As we move into the Internet of things, physical products will have a digital identity – a presence on the Web, which can hold data from and about the individual products in question. Although Evrythng is a start-up with just 50 people, it aims to provide that identity for enormous numbers of products, and to enable secure access to the data through APIs so that a broader range of players can use it in their processes and apps.
Evrythng has worked on several projects with various brands as they experiment with connecting their products, and scale up the programmes. These projects have been as diverse as Johnnie Walker whisky bottles, whose labels change once the bottle is opened; software development kits for chipset manufacturers so they can build digital identities into electronics and appliances; integration with Google's Nest cloud, Samsung's SmartThings smart home system, and Aurora's Gooee smart lighting ecosystem.

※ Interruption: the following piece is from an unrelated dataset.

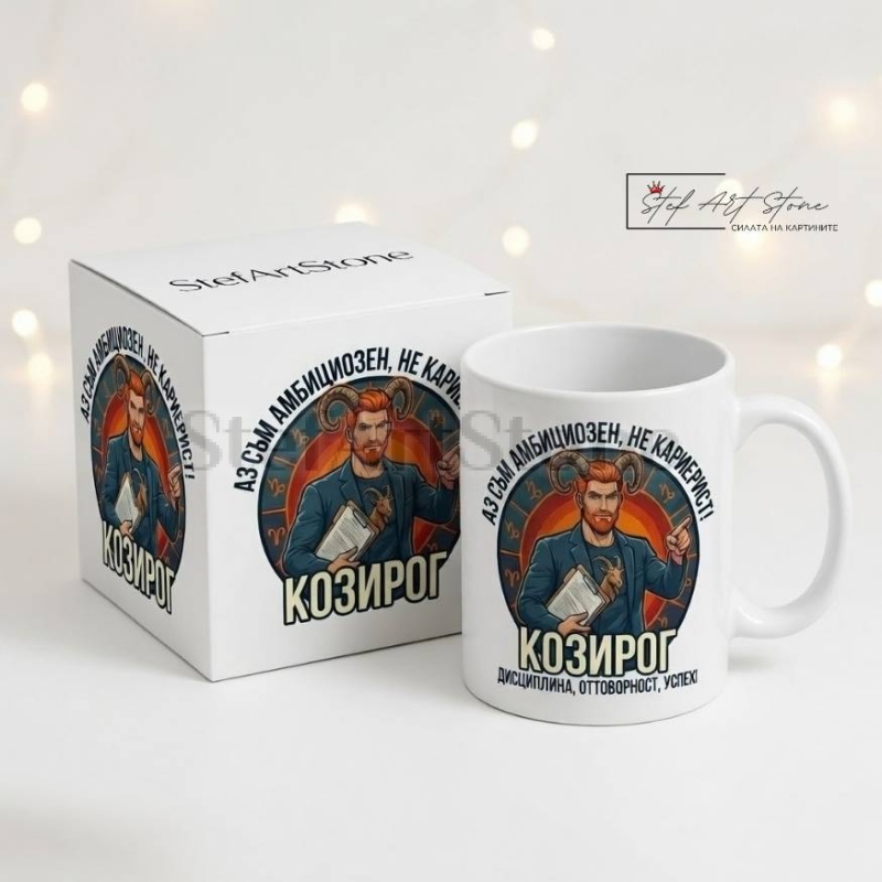 Търсите оригинален подарък за мъж зодия Козирог? Тази керамична чаша с надпис е точното решение за хора, които преследват успеха. Част от серията ни "Мотивиращи зодии", тя е създадена да вдъхновява.
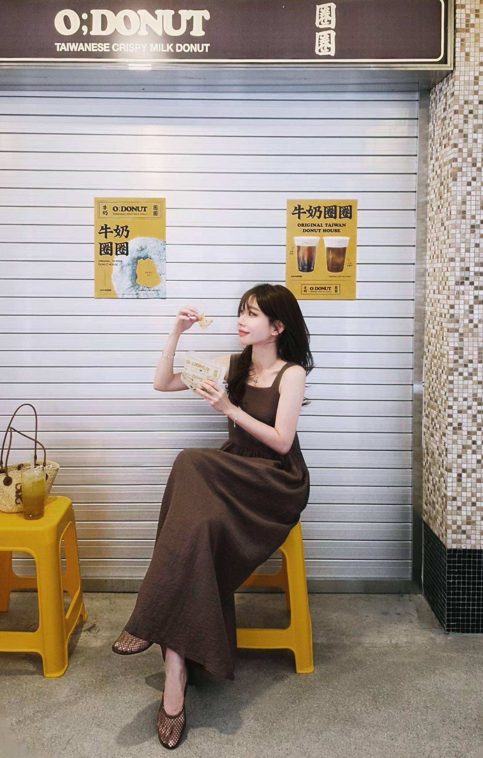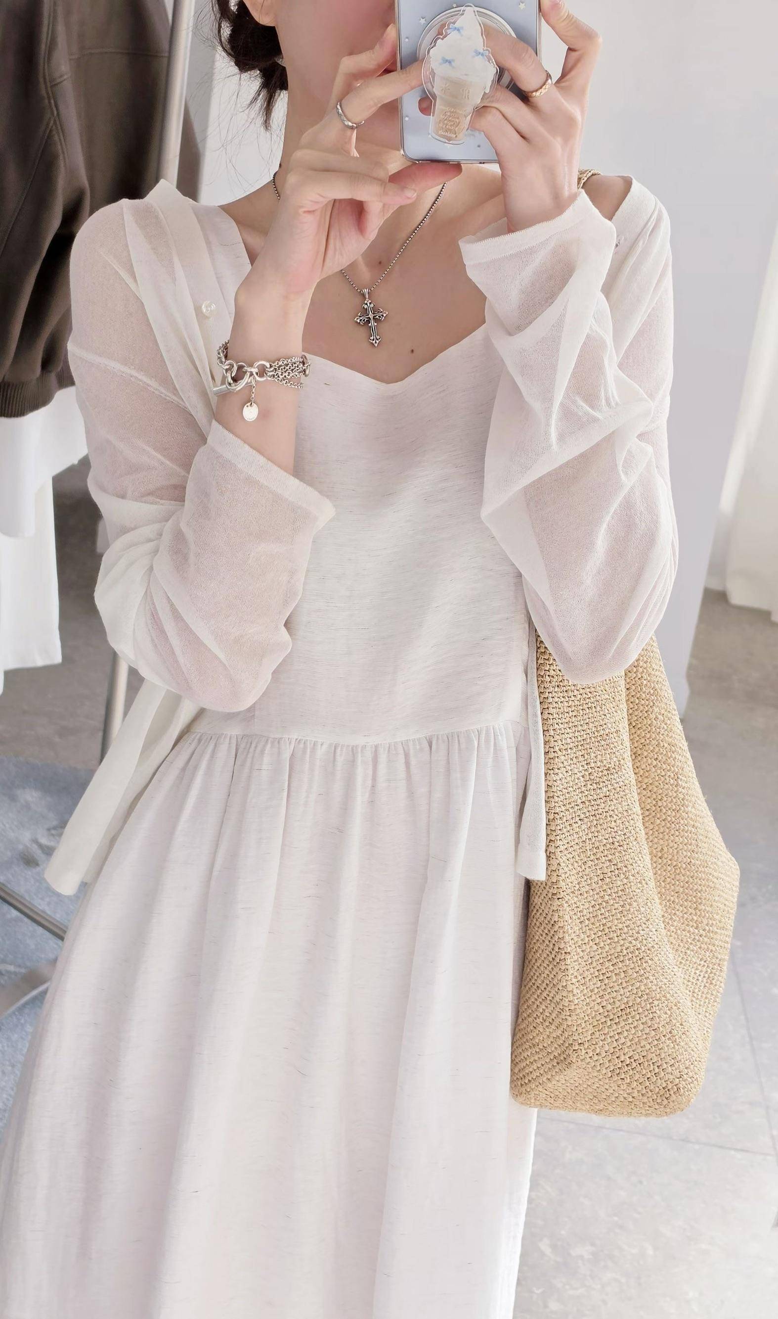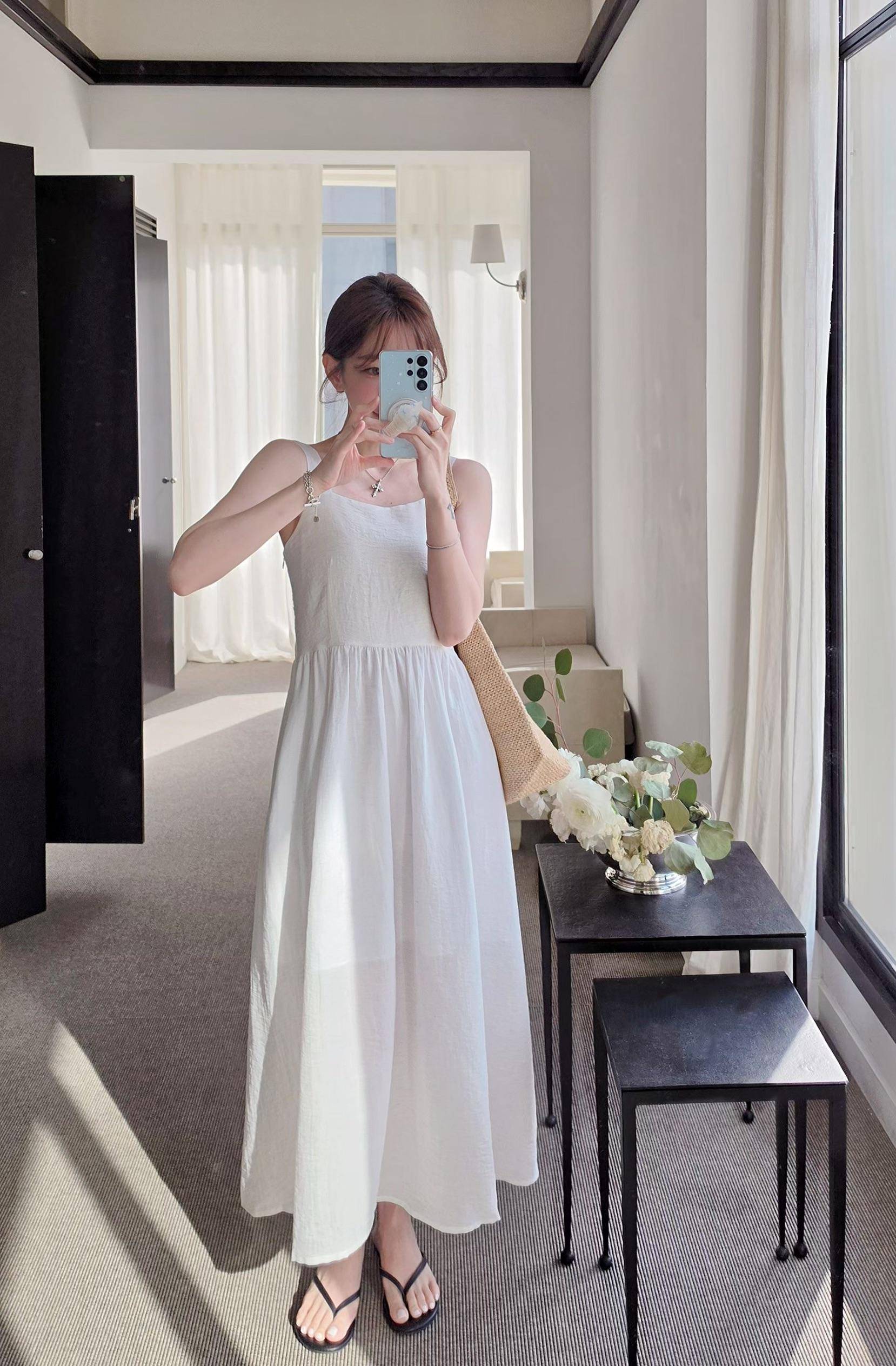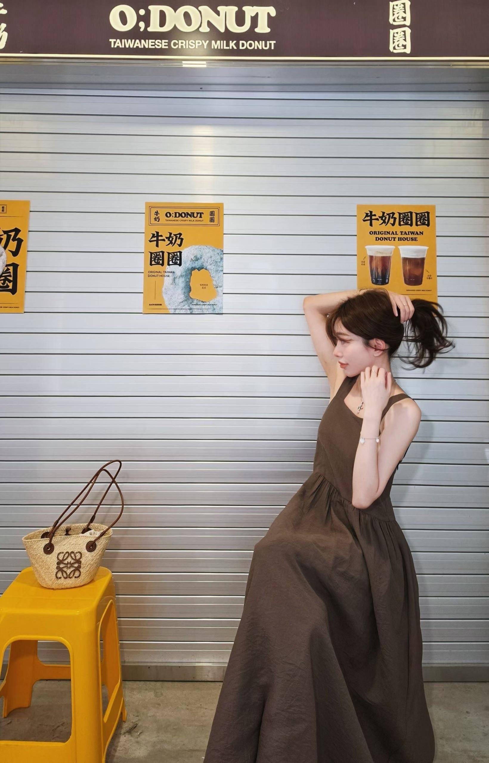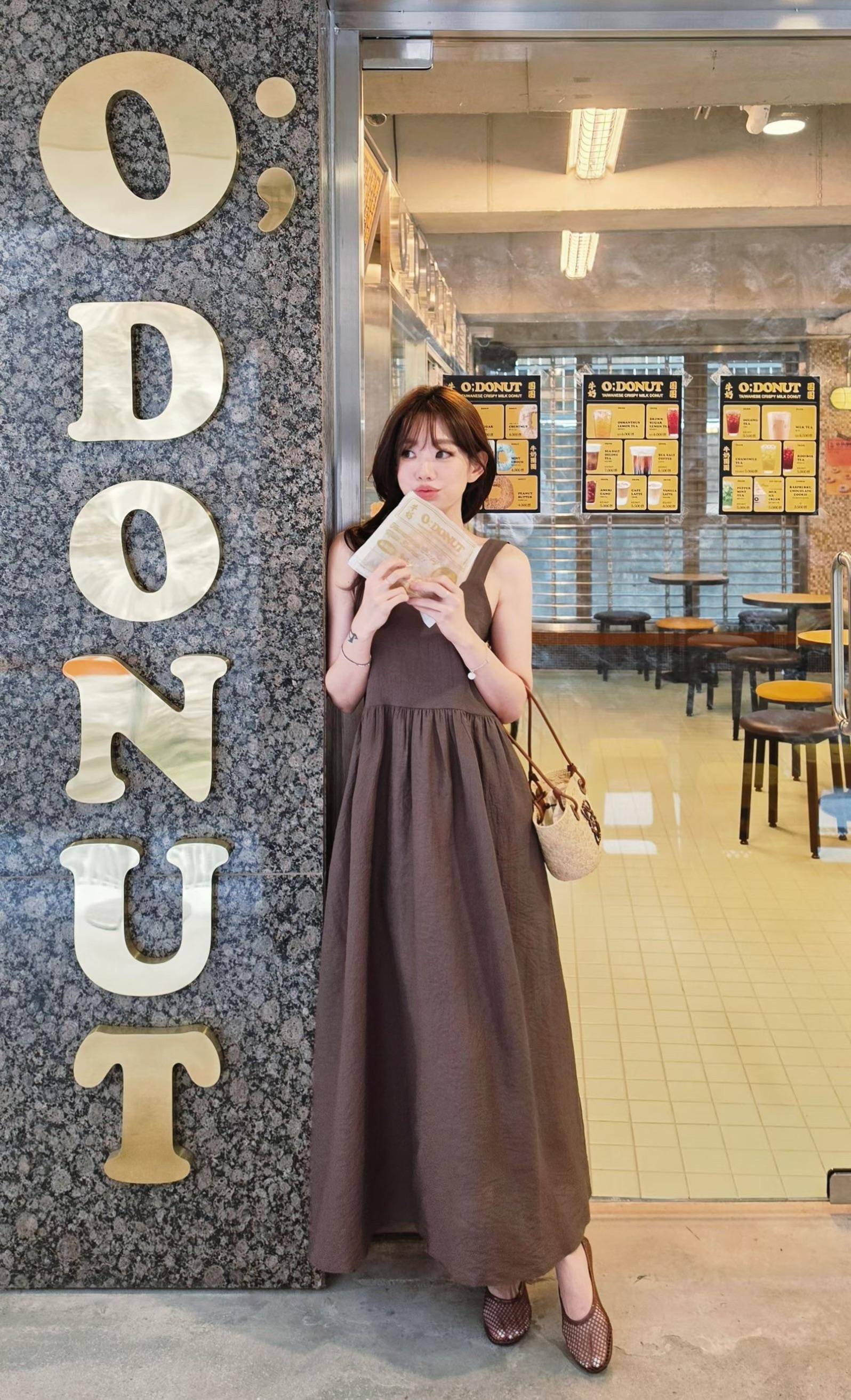 簡潔氣質的一款長洋裝,前後領都是方形設計

When it comes to clothing and footwear, Evrythng and Avery Dennison RBIS describe the benefits of having a digital identity and easy ways of connecting to it as giving consumers better data about the product, its history and how to recycle it; an easy way to link to loyalty schemes and to reorder the product; protection against counterfeiting and fraudulent returns by users; and the ability to link the product to more personalised recommendations from the retailer or manufacturer.
As the concept of connected products grows it's clear that a digital identity will need to be created as part of the manufacturing process, rather than retro-fitted in the supply chain, to make it more economical. That's one of the main purposes of the deal between Evrythng and Avery Dennison RBIS.
Avery Dennison RBIS is one of the largest suppliers of labels, tags and packaging – making tens of billions of labels per year, for example. Working with Evrythng in clothing and footwear, it will now have the digital identity of each item as a default option in the labels. This will appear in the form of a QR code, an RFID tag or an NFC tag.
Initially QR codes will dominate because of their lower cost, but the economics of NFC are improving rapidly thanks to printed electronics, and we expect the number of NFC labels to rise substantially over the next few years. There are benefits to using a radio system (either NFC or RFID) for better inventory management in stores — a key area other companies are working on, including Telefonica and Intel, which has been collaborating with Levi Strauss.
Avery Dennison RBIS may also run some of its services for manufacturers on top of Evrythng's cloud platform to provide tracking and certification, for example. These will run in a special service layer, branded the Janela Smart Products Platform. In addition to these services, manufacturers can access the full product identity in Evrythng's cloud service and could offer secure APIs to other parties such as retailers and marketing companies.
One of the big issues in the Internet of things is privacy, given the large volume of data becoming available from a wide range of connected things. In the case of the deal between Evrythng and Avery Dennison RBIS the data being held on the platform is all about the products rather than their users, whose data lives on manufacturers' or retailers' other systems.
This deal is a big step for Evrythng. Not so much for the cloud platform itself — which is already running hundreds of millions of product identities and was designed to scale up quickly — but more for the need to work with a much broader range of players in the clothing and footwear industries. This will mean expanding the number of people who run the engagement with those players, and also the number of engineers to integrate the Janela platform with manufacturers' in-house systems.